Even with cosmetic suffering, lipomas can be removed. Because some of those affected suffer greatly from the aesthetic appearance, which can result in psychological complaints such as reduced self-esteem or even  depression  . If the lipoma removal is medically necessary, the health insurance company will bear the costs.

How do you treat a lipoma?

 A lipoma cannot be treated without  surgery . You can neither express lipomas nor   remove them yourself with household remedies such as apple cider vinegar  or  honey .

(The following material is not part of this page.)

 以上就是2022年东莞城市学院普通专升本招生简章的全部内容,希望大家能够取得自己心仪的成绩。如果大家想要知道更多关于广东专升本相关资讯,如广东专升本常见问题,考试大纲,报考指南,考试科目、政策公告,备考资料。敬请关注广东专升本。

Which doctor removes lipomas depends on the size and location of the lipoma. Small, easily accessible lipomas can be removed on an outpatient basis by a dermatologist. A local anesthetic is given and the lipoma is removed with an incision. Larger or deeper lipomas may require surgery under  general anesthesia  . This is usually performed by surgeons.

Aftercare after removal

In most cases, no longer sick leave is necessary after a lipoma removal. However, it is important

  • not to interfere with wound healing
  • to keep the surgical wound clean so that it does not become infected
  • not to put tension on the wound
  • to go to the doctor for regular wound checks

Once the wound has healed, no further checks are necessary. However, lipomas can recur—in the same place or a different place—and require repeat treatment.

Therapy for liposarcoma

Unlike lipoma, treatment for liposarcoma is highly recommended to prevent spread. Therapy consists of surgical removal of the liposarcoma. Here, part of the surrounding healthy tissue is removed in order to remove as many tumor cells as possible. This is followed by radiation therapy, which serves to destroy any remaining liposarcoma cells. In some cases,  chemotherapy is also  useful.

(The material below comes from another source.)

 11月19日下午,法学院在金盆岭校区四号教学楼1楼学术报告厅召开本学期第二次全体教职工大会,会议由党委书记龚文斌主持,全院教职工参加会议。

Once this so-called primary therapy has been completed, regular follow-up checks must be carried out in order to quickly detect a recurrence (recurrence) of the liposarcoma.

Prognosis: Is a liposarcoma curable?

In principle, a liposarcoma can be cured if it is detected and treated in good time. Unfortunately, however, these sarcomas are often only diagnosed at a late stage. They are then already very large or have formed metastases, often in the lungs. Then liposarcoma can be fatal.

Nevertheless, the chance of survival with liposarcoma is significantly better than with other soft tissue sarcomas, so that over 70 to 90 percent of people with liposarcoma survive more than 5 to 10 years after diagnosis. 1  However, survival varies widely by subtype of liposarcoma.